Not really.  You can use the lowest ISO and the smallest aperture to get the shutter speed down, but you are going to have some image quality issues with using the smallest possible aperture and even that may not reduce the shutter speed enough to get the effect you're after.  BTW, it's NEUTRAL density filter, not Natural.


----------



## ceejtank (Sep 27, 2012)

The longer the shutter stays open, the more light is let in.  What the ND filter is doing is blocking a decent amount of that light (9 stops worth) so that the image will be properly exposed.  Shooting in full sunlight for long times will make your image incredibly bright (over exposed).  If you sot when there was very little light out, then you can use a longer shutter speed without problems.  

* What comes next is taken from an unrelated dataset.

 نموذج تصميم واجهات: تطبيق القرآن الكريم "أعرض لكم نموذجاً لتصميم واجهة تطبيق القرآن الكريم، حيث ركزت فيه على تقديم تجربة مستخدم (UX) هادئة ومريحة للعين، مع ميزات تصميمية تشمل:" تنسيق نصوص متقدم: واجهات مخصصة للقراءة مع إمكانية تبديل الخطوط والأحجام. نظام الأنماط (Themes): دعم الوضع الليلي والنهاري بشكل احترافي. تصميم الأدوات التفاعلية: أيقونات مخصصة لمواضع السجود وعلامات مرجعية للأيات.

That being said, play with your "Time Value" or "shutter speed" setting.  You'll see the longer you go, the higher the Fstop, and that's because the camera is adjusting the aperature based on the shutter speed to give you a properly exposed image.  

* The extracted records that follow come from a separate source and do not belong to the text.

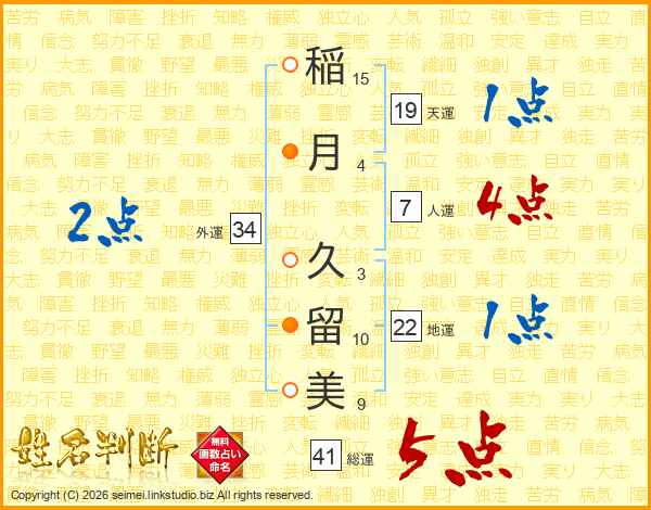 稲(15画)月(4画) 久(3画)留(10画)美(9画)
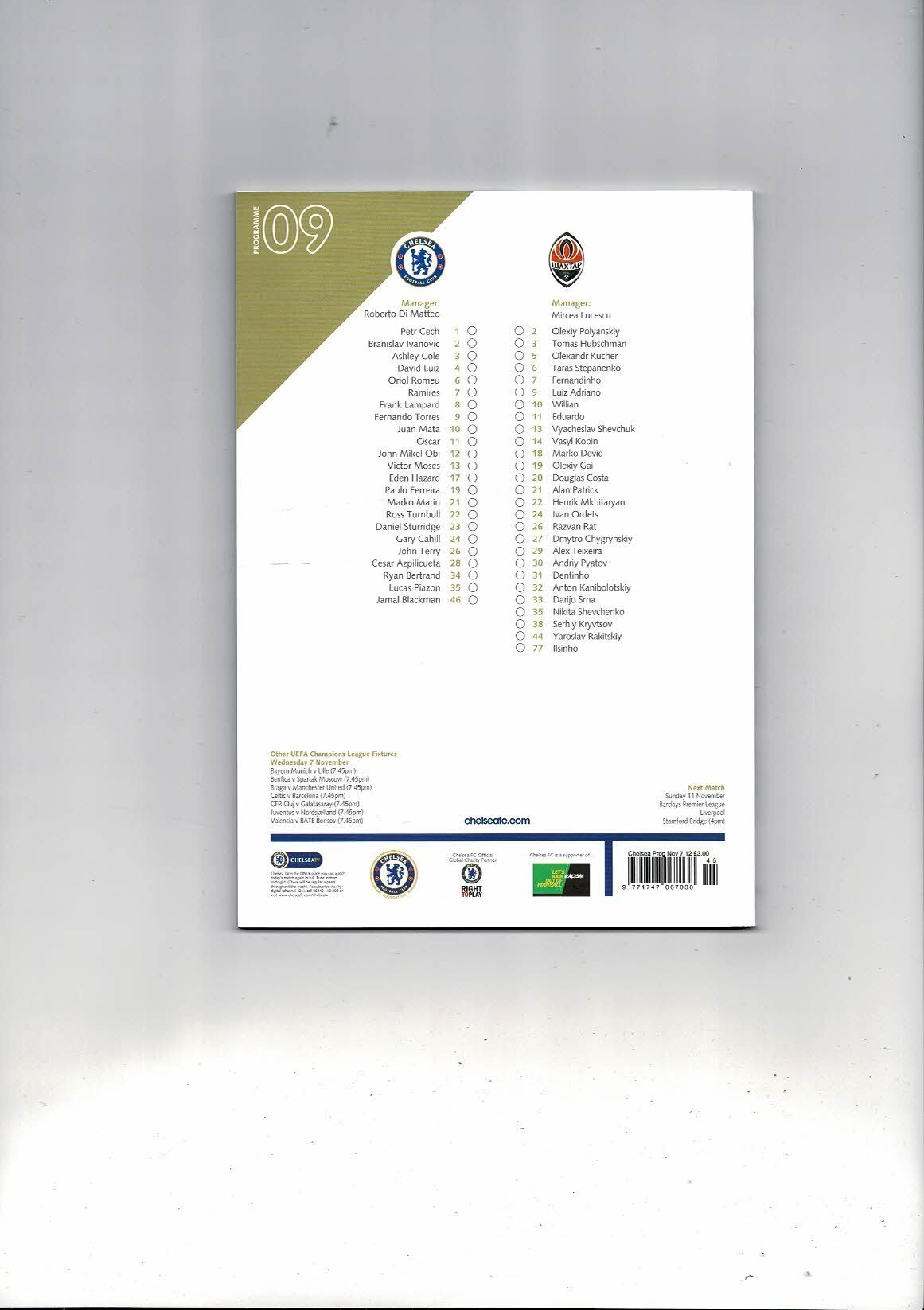 Chelsea v Shakhtar Donetsk Champions League Football Programme 2012/13
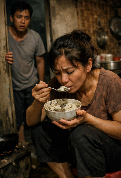 Nhưng cái mùi chua nồng của bát cơm thiu đã tố cáo tất cả. Anh bước tới, nắm lấy cổ tay tôi, kéo tôi đứng dậy. Đôi mắt anh đỏ ngầu, nhìn chăm chằm vào bát cơm dở dang dưới đất, rồi nhìn sang mâm cơm đầy đủ thịt cá vẫn còn đặt trên bàn – phần cơm mà mẹ anh vừa ăn xong nhưng tuyệt nhiên không để lại cho con dâu lấy một miếng tử tế.
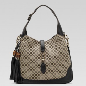 'new jackie' medium shoulder bag with hand stitching,tassels,and bamboo detail.
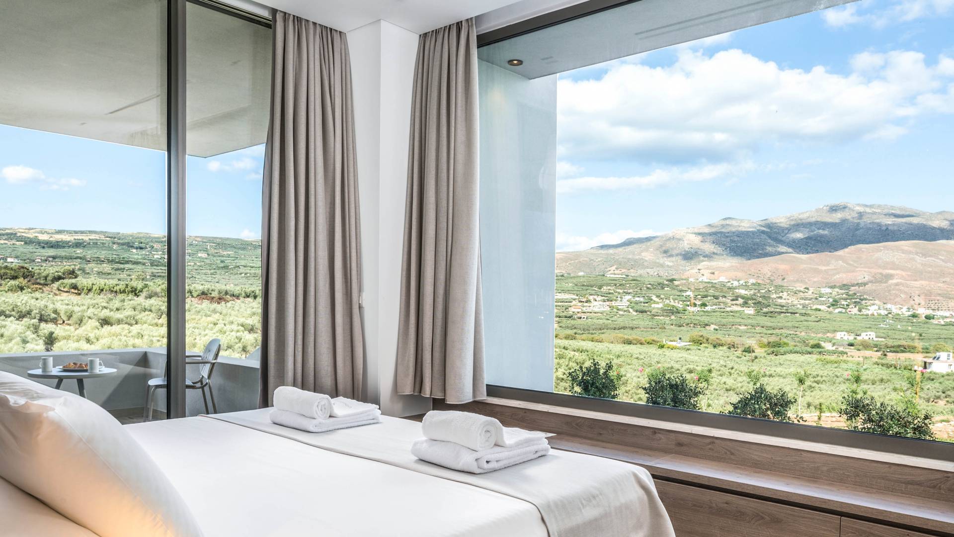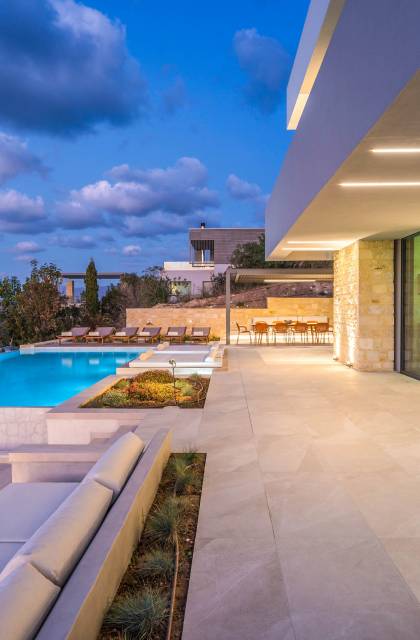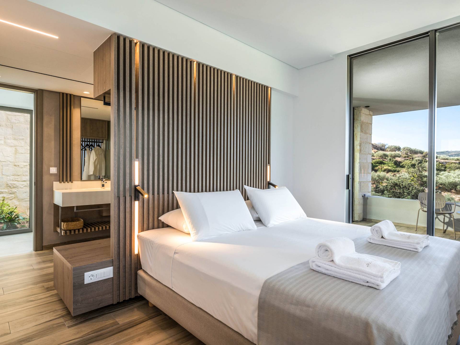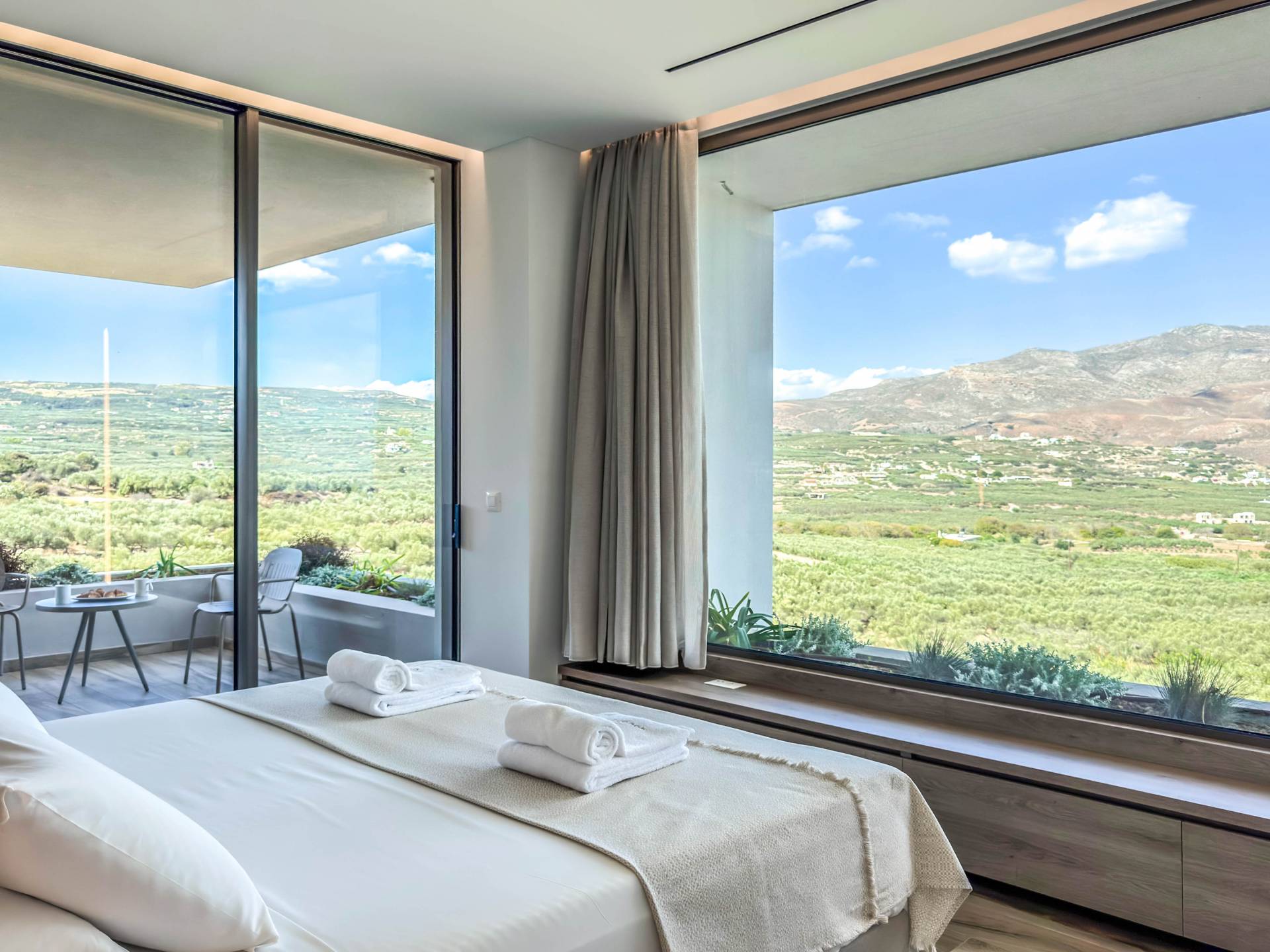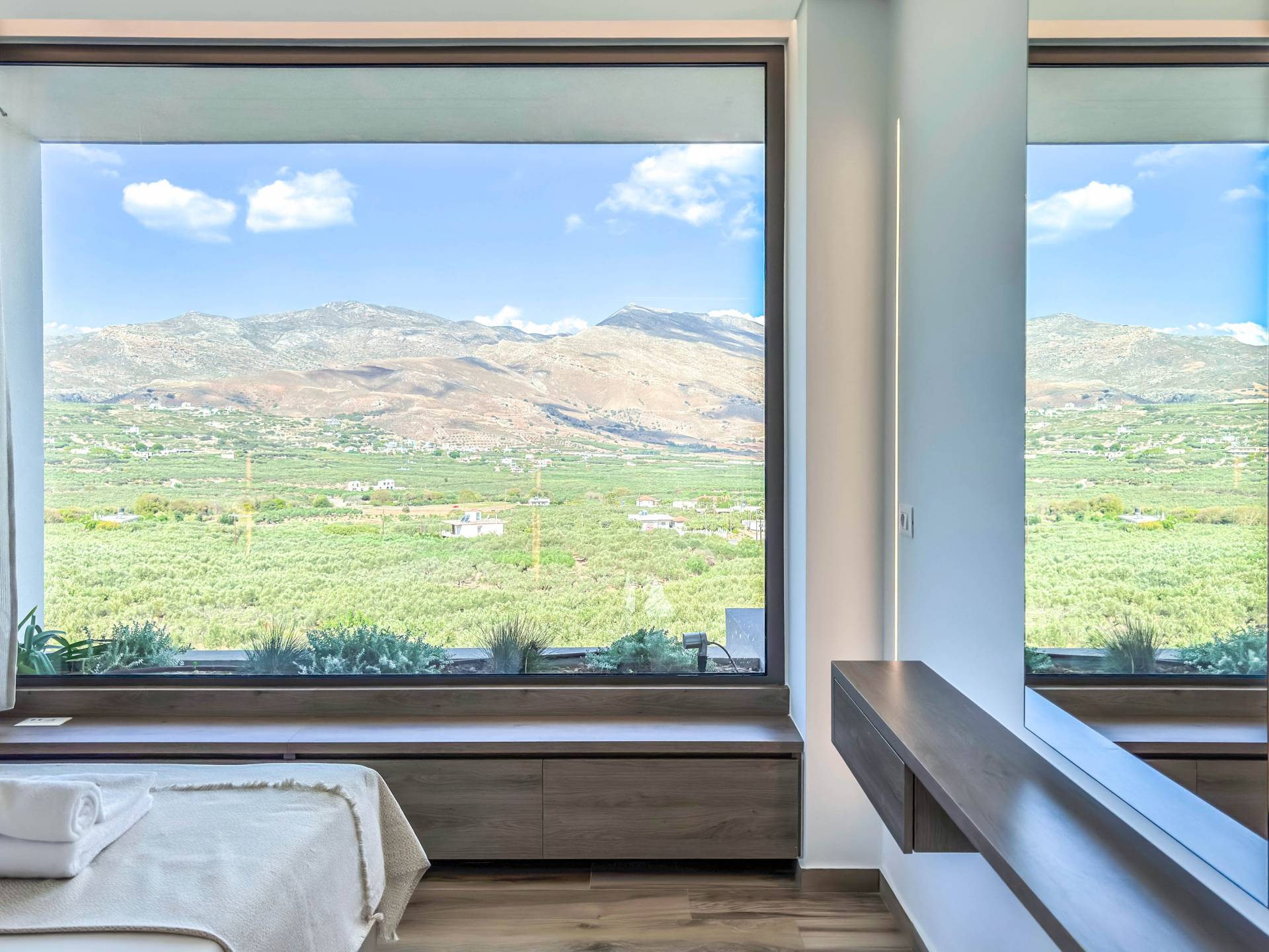 Die ultramoderne und stilvolle Villa mit fünf Schlafzimmern bietet einen ungehinderten Blick über den grünen Glanz der Olivenbäume auf die Bucht von Kissamos und das atemberaubende türkisfarbene Meer. Der weitläufige Außenbereich ist um einen 50 Quadratmeter großen Swimmingpool herum angeordnet. Utopia ist unsere größte Villa mit Meerblick am Hang. Das Schwesterobjekt Majestic liegt etwas höher am Hang.

In the example you mentioned above (shooting in daylight around 2 PM) you would need a ND filter to block out enough light to give you a properly exposed image.


----------



## batmura (Sep 27, 2012)

Does this mean all those tutorials I've been watching on YouTube with amazing photos were all shot with ND filters and such? Kelby advises to use the Bulb mode on Manual with a 2 minute exposure. At this point, I want to shoot a long exposure photo without any filters? What are my options? Can I shoot some at sunset?


----------



## Big Mike (Sep 27, 2012)

> If Kelby had shot the picture without that filter, would the sea not be as calm as it looked? If not, does this mean one can never shoot waterfalls during daylight without using any filters under any circumstances?

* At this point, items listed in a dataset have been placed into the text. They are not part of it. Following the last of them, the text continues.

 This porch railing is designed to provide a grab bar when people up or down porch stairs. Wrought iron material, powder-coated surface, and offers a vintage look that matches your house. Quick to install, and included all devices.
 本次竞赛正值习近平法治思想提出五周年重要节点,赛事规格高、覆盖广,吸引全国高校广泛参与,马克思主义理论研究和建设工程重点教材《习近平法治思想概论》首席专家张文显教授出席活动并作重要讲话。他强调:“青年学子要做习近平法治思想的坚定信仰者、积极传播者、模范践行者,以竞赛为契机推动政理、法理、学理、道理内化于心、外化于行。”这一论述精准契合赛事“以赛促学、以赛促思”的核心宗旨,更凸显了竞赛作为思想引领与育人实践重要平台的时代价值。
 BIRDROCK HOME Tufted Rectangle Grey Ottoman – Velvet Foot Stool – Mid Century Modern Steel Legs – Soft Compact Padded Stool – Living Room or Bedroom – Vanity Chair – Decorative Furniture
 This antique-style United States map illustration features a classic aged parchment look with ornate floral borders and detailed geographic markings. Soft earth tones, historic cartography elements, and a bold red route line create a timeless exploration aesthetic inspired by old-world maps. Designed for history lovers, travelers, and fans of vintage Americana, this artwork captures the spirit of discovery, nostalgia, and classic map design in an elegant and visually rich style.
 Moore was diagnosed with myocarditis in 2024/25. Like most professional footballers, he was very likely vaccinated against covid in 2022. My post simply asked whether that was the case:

You could shoot water during the daytime...but a shutter speed that will give you proper exposure, probably won't be long enough to give you the blur that you want.  As mentioned, you can get a longer shutter speed by using a smaller aperture and a low ISO, but that's your limit.  After that, your only options will be to shoot when it's darker, or use filters.


----------



## batmura (Sep 27, 2012)

Big Mike said:


> > you can get a longer shutter speed by using a smaller aperture and a low ISO, but that's your limit.  After that, your only options will be to shoot when it's darker, or use filters.
> 
> 
> How much darker? Are we talking about sunset time or night dark with only city lights?


----------



## ceejtank (Sep 27, 2012)

batmura said:


> Does this mean all those tutorials I've been watching on YouTube with amazing photos were all shot with ND filters and such? Kelby advises to use the Bulb mode on Manual with a 2 minute exposure. At this point, I want to shoot a long exposure photo without any filters? What are my options? Can I shoot some at sunset?



it depends on the shot you're referring to.. If it's sunny out and you're going for 2 minutes, then yes you will need a filter.  Shooting in a darker setting, perhaps a little after sunset could get it for you.  

I would suggest taking your camera to a place you can try it around sunset, and playing with the settings until you get something that works for you.  You're trying to recreate a very specific type of picture, without using the recommended equipment for the example you've been given.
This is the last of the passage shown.